DAUST Appoints New Scholars to Advance Aerospace and AI Research
The Diamond-Abrams University of Science and Technology (DAUST) has appointed several international scholars to its faculty. The new hires are intended to bolster the university's research and teaching capabilities in the fields of AI, robotics, and aerospace engineering.
- The use of Model-Based Systems Engineering (MBSE) is growing in aerospace to manage increasing product complexity and shorten development time by using digital models as a primary means of information exchange, rather than document-based approaches. - For high-performance embedded computing in aerospace, designers often choose between FPGAs and GPUs.
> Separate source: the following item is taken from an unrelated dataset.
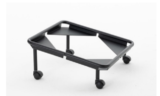
trolley (max 10 pcs) carrello
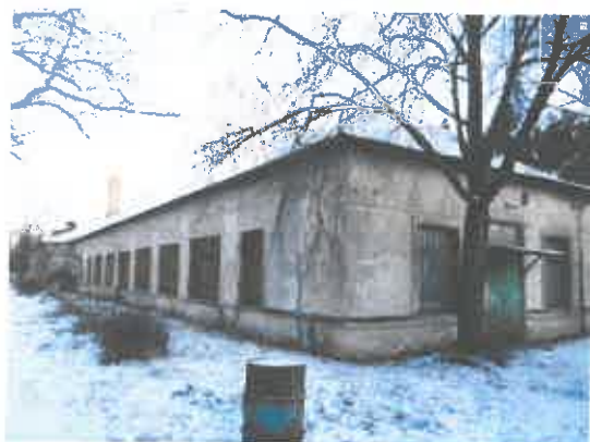
7 pav. Pastato 2C1p fasado fragmentas

FPGAs offer lower latency and are more deterministic, while GPUs excel at floating-point operations and are supported by a wider range of open development tools. - The open-source RISC-V instruction set architecture (ISA) is gaining traction in aerospace for its scalability and customizability, allowing for workload-specific processors for applications ranging from low-power sensors to high-performance computing for AI workloads. NASA has selected a processor based on RISC-V for its next-generation space computing project. - Real-Time Operating Systems (RTOS) are essential for safety-critical aerospace software, providing deterministic task scheduling and resource management to ensure that critical operations are executed predictably within strict time constraints. - Edge AI is being increasingly utilized in the aerospace industry to enable onboard data processing, which supports real-time decision-making for applications like autonomous navigation, anomaly detection, and predictive maintenance, thereby reducing reliance on ground systems. - The certification of AI-based software in aerospace systems presents new challenges for compliance with standards like DO-178C, which was traditionally applied to deterministic software. The FAA is actively seeking recommendations for updating software compliance standards to address the unique aspects of AI and machine learning. - Model-Based Systems Engineering (MBSE) is being employed to streamline the design and analysis of complex avionics systems, including for Failure, Detection, Isolation, and Recovery (FDIR) processes, by using models as a central reference for various engineering disciplines. - The development of safety-critical systems often relies on specialized RTOSs like SAFERTOS®, which is designed for high-reliability applications and has been ported to RISC-V-based CPUs implemented on FPGAs.